Determine the following parameters for one axis automatically, if they have not been supplied by the user: the step size, the lowest bin, and the number of bins. Use whatever combination is needed of the specifications that have been supplied by the user, and the data itself. Obviously, the ndarrays containing the data must have been set before calling this subroutine. Details of the automatic parameter calculation are given in the section on "IMPLEMENTATION NOTES" below.

It is not usually required to call this method, as it is called automatically by autoscale().

## autoscale()

Determine the following parameters for all axes automatically, if they have not been supplied by the user: the step size, the lowest bin, and the number of bins. It will use whatever combination is needed of the specifications that have been supplied by the user, and the data itself. Obviously, the ndarrays containing the data must have been set before calling this subroutine. For more details on the autoscaling, consult autoscale_axis().
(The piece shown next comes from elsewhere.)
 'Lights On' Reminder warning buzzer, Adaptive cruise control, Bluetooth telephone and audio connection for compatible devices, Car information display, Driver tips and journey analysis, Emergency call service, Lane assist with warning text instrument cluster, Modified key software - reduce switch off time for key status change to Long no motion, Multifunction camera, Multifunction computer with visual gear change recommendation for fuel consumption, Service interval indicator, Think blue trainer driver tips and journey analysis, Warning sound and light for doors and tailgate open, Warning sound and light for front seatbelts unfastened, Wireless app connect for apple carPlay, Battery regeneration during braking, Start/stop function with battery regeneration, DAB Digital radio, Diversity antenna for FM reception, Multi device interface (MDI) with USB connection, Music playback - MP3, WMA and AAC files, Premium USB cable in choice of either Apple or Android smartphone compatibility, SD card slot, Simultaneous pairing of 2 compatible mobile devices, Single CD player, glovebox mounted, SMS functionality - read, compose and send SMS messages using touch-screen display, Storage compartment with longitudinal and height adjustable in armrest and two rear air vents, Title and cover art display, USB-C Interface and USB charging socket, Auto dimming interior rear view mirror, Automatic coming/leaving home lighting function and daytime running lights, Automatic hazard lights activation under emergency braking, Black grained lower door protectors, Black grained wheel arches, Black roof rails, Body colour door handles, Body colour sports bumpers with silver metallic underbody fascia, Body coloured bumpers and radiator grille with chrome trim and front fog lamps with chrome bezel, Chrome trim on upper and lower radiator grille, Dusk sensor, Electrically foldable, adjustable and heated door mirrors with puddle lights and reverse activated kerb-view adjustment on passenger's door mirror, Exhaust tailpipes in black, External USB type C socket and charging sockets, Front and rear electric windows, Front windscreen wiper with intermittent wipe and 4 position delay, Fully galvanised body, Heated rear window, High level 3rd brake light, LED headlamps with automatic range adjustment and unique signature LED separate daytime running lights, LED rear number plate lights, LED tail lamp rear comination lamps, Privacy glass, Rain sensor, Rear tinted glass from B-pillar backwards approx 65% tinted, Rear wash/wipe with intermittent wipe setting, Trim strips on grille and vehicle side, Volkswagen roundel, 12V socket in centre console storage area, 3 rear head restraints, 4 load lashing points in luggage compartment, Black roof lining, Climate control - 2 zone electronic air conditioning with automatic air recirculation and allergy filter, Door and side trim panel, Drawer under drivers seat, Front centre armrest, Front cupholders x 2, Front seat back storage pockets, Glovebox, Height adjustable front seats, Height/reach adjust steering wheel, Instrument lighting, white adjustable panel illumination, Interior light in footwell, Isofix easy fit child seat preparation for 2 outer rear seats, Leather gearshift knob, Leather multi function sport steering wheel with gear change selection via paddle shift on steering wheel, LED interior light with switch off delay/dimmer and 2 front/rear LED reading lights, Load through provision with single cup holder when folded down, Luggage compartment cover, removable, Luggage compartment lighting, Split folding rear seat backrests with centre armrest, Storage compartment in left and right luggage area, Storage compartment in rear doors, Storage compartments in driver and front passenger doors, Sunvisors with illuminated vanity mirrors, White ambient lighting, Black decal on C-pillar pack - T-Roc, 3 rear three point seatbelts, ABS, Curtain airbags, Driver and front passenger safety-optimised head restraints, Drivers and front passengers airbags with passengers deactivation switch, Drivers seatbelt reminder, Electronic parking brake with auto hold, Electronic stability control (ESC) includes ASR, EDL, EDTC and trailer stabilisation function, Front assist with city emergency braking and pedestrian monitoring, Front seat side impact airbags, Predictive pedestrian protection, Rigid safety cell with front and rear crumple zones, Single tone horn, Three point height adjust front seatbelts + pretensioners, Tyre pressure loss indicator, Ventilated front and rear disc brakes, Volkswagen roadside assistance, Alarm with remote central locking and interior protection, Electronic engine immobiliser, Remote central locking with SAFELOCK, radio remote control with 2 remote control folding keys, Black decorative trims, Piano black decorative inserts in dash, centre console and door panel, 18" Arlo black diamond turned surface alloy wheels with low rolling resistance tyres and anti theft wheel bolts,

``        \$binner->autoscale( x => \$x, y => \$y, z => \$z );``

autoscale() accepts, but does not require, arguments. They must be key-value pairs as for feed(), and indicate ndarray data that must be fed into the object prior to autoscaling. Note that the autoscaling applies to all axes, and not only supplied as arguments.
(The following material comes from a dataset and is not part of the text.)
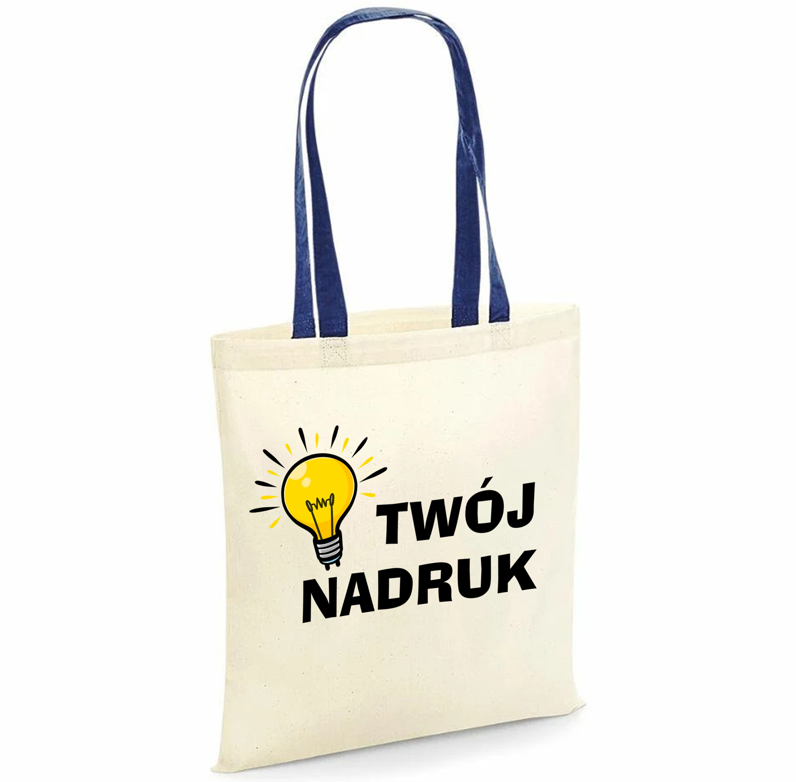 Strona główna Sklep Torby Z kolorowymi uchwytami Torba bawełniana na zakupy z kolorowymi uchwytami rączkami granatowymi

It is not usually required to call this method, as it is called automatically by process().

## labels()

Return the labels for the bins as a list of lists of ranges.

## process()

The core method. The actual ndarrays to be used for the axes and variables can be supplied to this function, although the argument list can be empty if all ndarrays have already been supplied. The argument list is the same as the one of feed(), i.e., a list of key-value pairs specifying name and ndarray.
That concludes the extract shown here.